Flight mobile sculpture – hands as wings

contemporary art fight mobile

Flight.

Wood, plastic. June 2022. Solo exhibition, Tremenheere Sculpture Gardens, Cornwall.

A mobile sculpture consisting of wooden spheres with plastic hands that form wings.

Hands are a recurrent theme in my work, as is flight. I’ve created several works that feature hands as wings, usually in the form of sketches and other drawings.

Using hands as wings is actually far from being far-fetched. The wings of birds and bats both evolved from hands (which is why birds and bats don’t have hands – it’s a choice of one or the other. Angels and fairies have both, but they are made up and are anatomically incorrect). Insect wings evolved along a different route, possibly from heat-gathering flaps or panels (insects being very dependant on the heat of the sun).

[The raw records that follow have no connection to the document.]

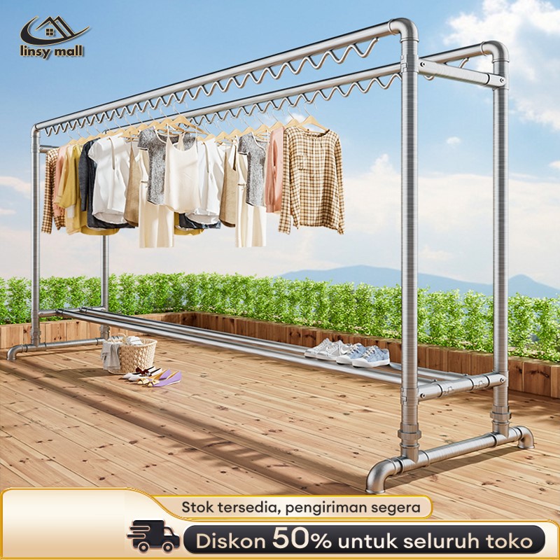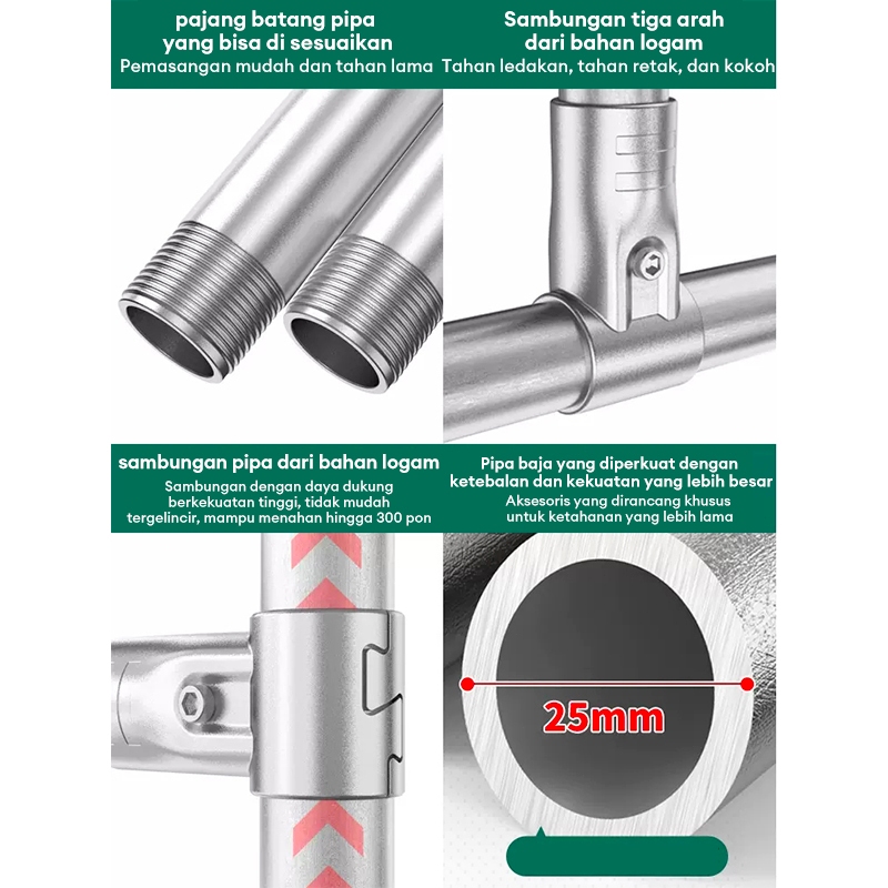 HOMEQU Jemuran Baju Lipat Portable 160X80X160cm Stainles Jumbo Dinding Kecil Palang 9 Besi Almunium Gantung Pakaian Bayi
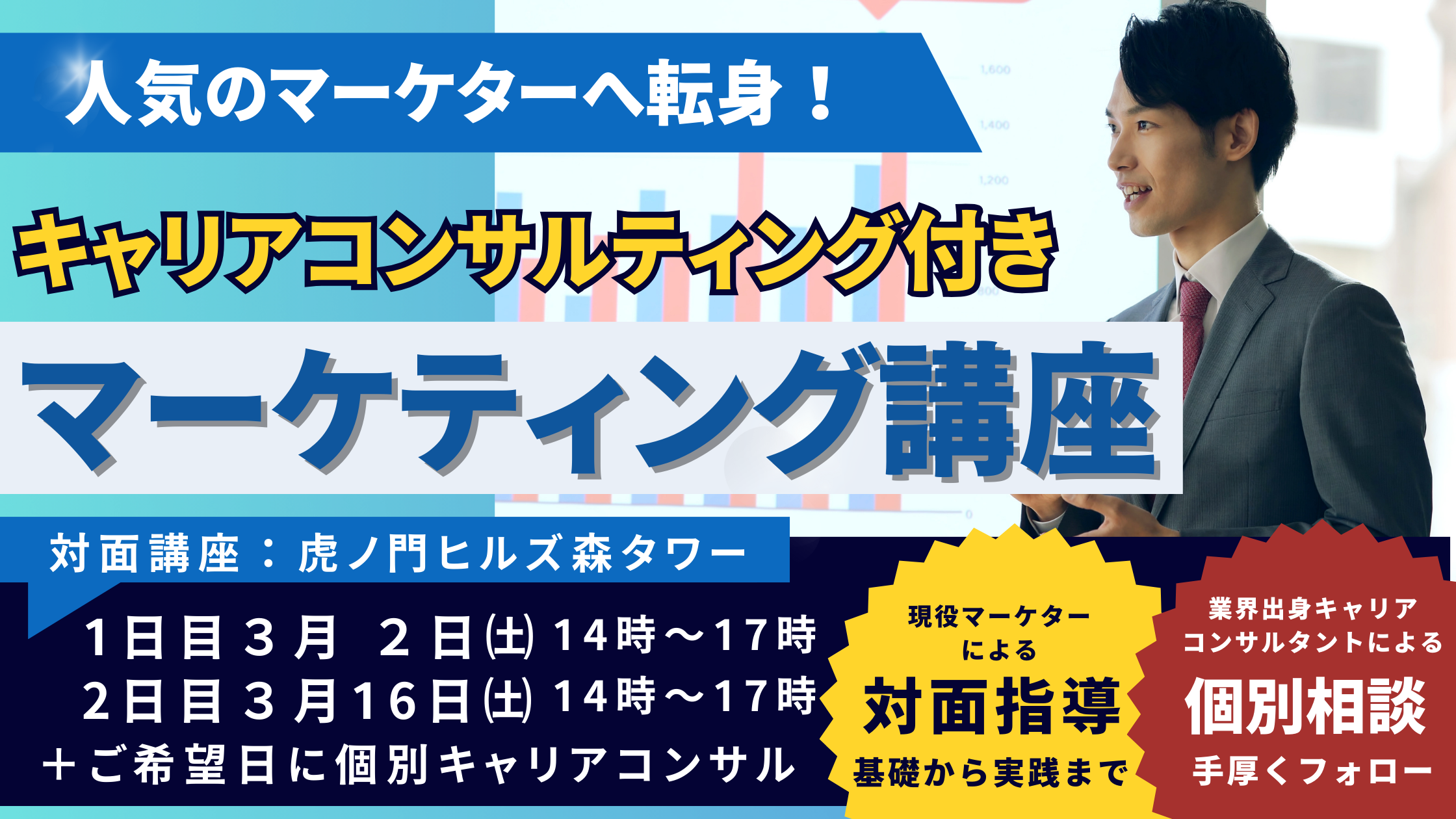 憧れのマーケターへ転職目指しませんか!日本初*「キャリアコンサルティング付きマーケティング講座」を開講。少人数の対面式で異業種からのキャリアチェンジも手厚くサポート!
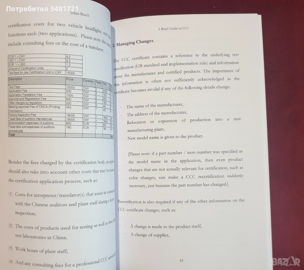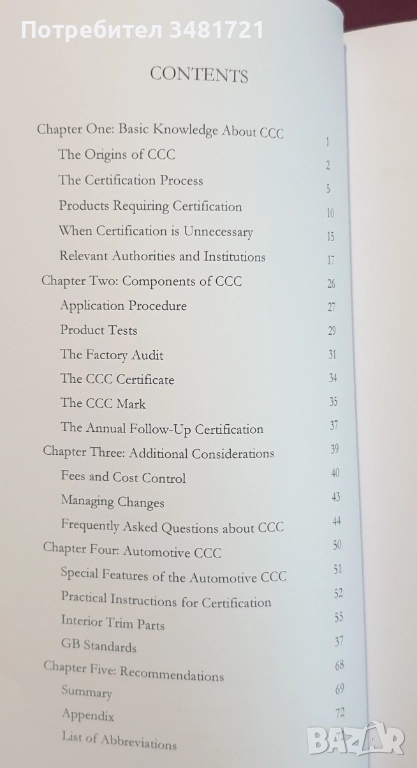 Краткото ръководство по CCC представя изискванията при задължителната сертификация в Китай - задължителната система за сертифициране на Китайската народна република за продукти, внасяни или произведени в страната. Книгата описва системата за сертифициране, от одити до тестове на продукти и опции за печат, до сертифициращи органи и съответните разпоредби. Тя предоставя информация за това как да се ориентирате в системата и да се подготвите адекватно за процеса на сертифициране. „Кратко ръководство за CCC“ включва глава, посветена единствено на автомобилната индустрия, с практически предложения и полезни съвети.
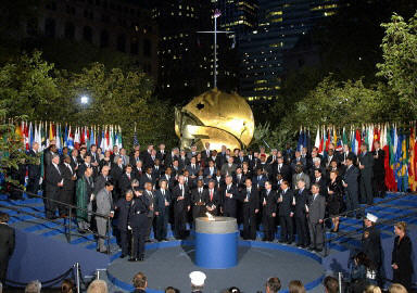 罹難者人數(shù)最多的紐約世貿(mào)廢墟是今天全美紀念活動的中心,數(shù)以萬計的人今天早晨聚集在這里聆聽每一位罹難者的名字,沿著長長的斜坡走進七層樓深的世貿(mào)廢墟中為他們獻花。當暮色降臨的時候,距離世貿(mào)廢墟不遠的炮臺公園點燃了一簇火焰,聯(lián)合國秘書長安南、美國國務(wù)卿鮑威爾、紐約市長布隆博格以及中國外長唐家璇等來自罹難者家鄉(xiāng)的代表一起舉起點燃的蠟燭,悼念死難者。與此同時,紐約的五個行政區(qū)的公園里也聚集了眾多的市民,搖曳的燭光寄托著對逝者的思念。
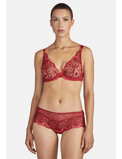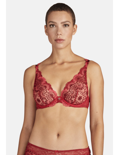 Soutien-gorge forme triangle avec armature. Selon les modèles, il peut être avec ou sans demi-lune mousse. Il offre un décolleté plongeant très séduisant et rassurant. Bénéfice : un décolleté profond et une matière qui se déploie en habillant le décolleté
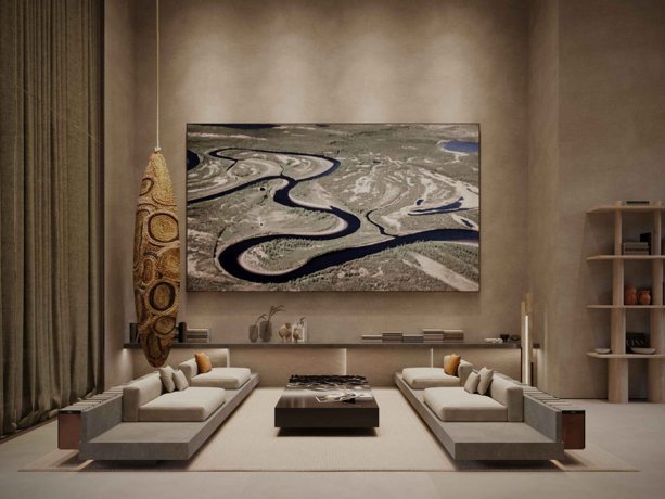 Баланс, симметрия и гармония нашли отражение в органической форме зданий. Плавность, элегантность и лаконичность прослеживаются в каждом элементе: от теплых и натуральных цветов фасадов до обтекаемой геометрии балконов, повторяющих изгибы протекающей рядом реки Сетунь.
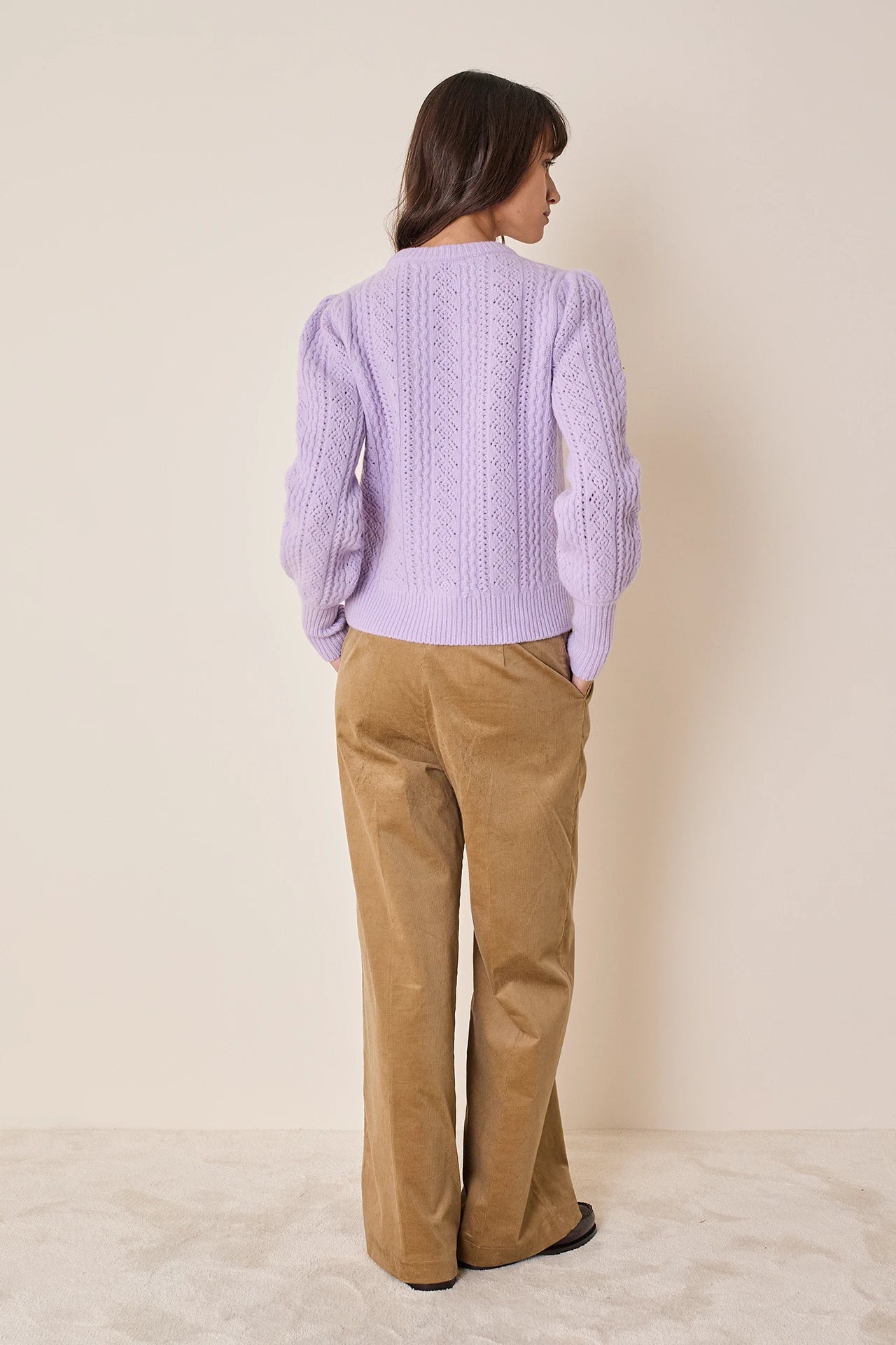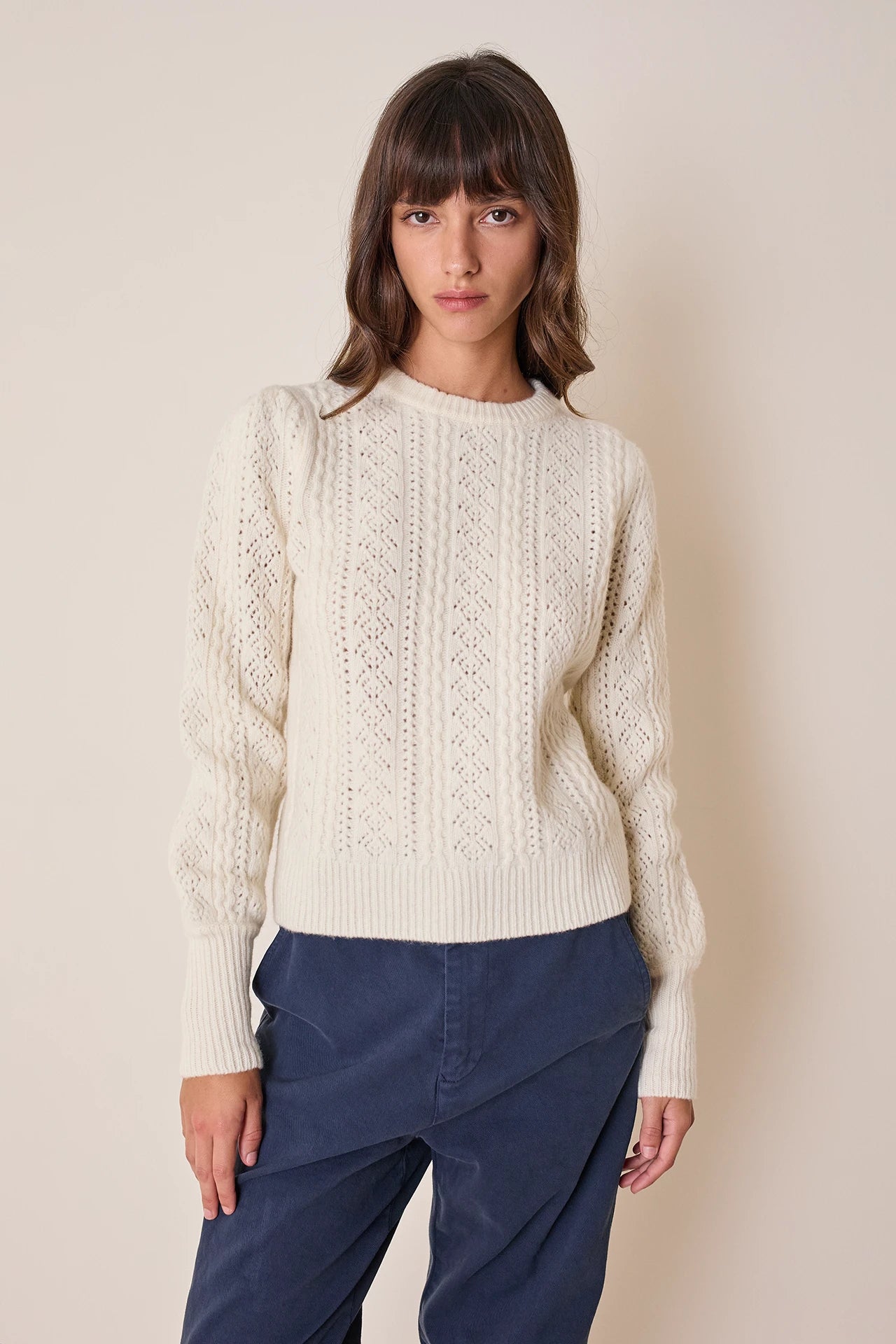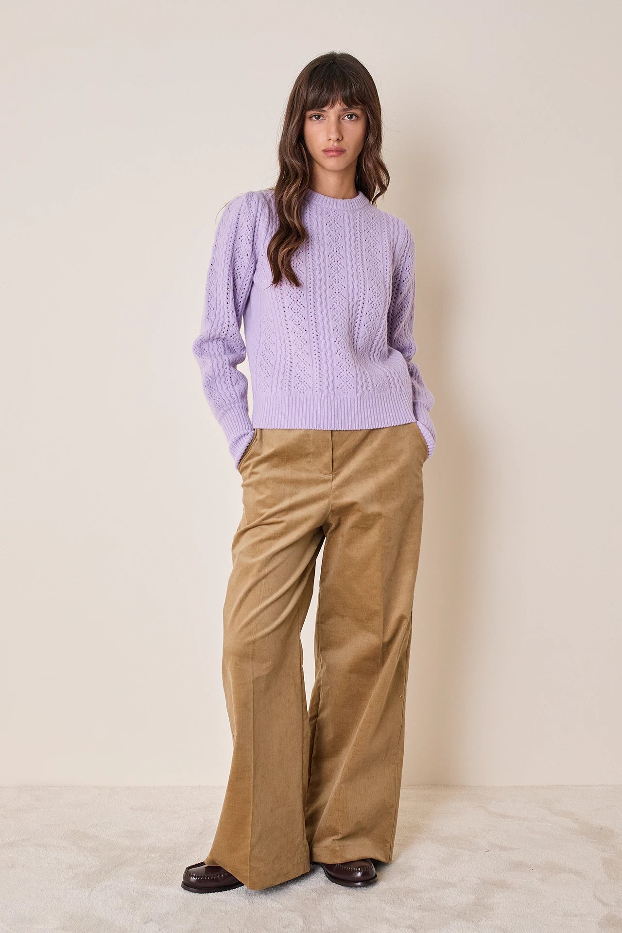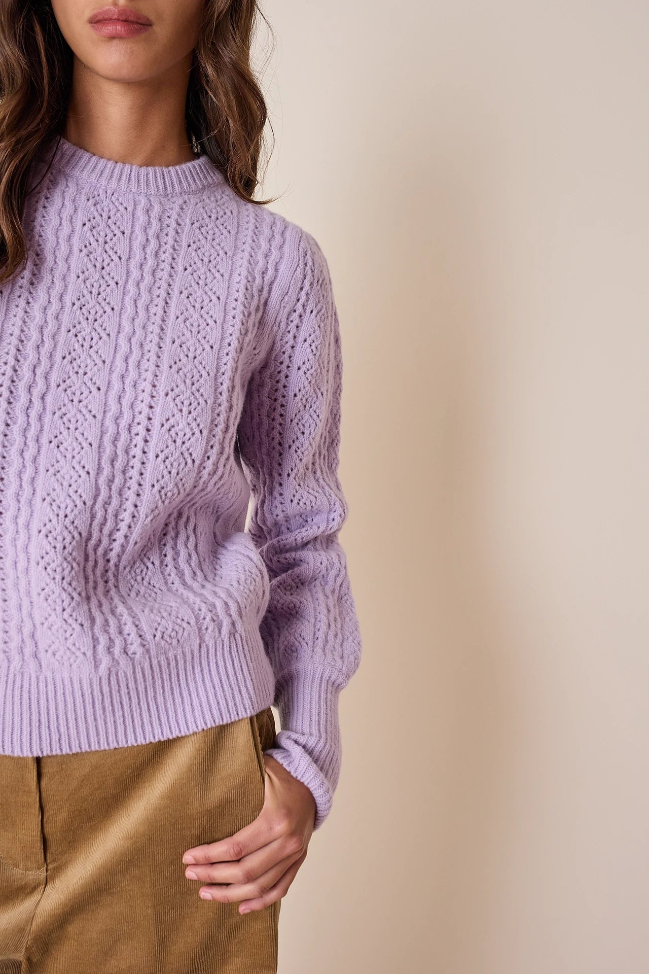 Questa maglia girocollo alterna motivi in rilievo e traforati, per un effetto elegante e leggero. Disponibile in panna, bordeaux, lilla o verde.
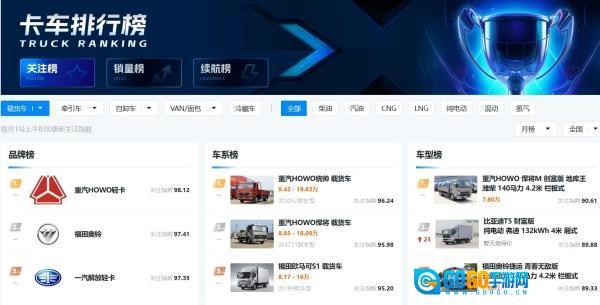 6、排行榜:轻松了解高人气的热门车型;涵盖热门轻卡、热门牵引车、热门载货车自卸车以及热门新能源车等各类排行榜。

The symbolism of flight is linked closely with the concept of freedom. This link can be overstated, I think, especially when we project it onto the natural world. We envy the flight of birds, but birds don’t fly because they are free. Small birds that in theory can fly wherever they please often tend to spend their whole lives in a single place such as an individual tree. Some of them may migrate thousands of miles to reach their chosen tree, but they’ve possibly travelled there from another individual tree in a different part of the world. On top of this, on isolated islands that have no predators birds frequently lose the power of flight, so flying obviously isn’t one of their primary concerns.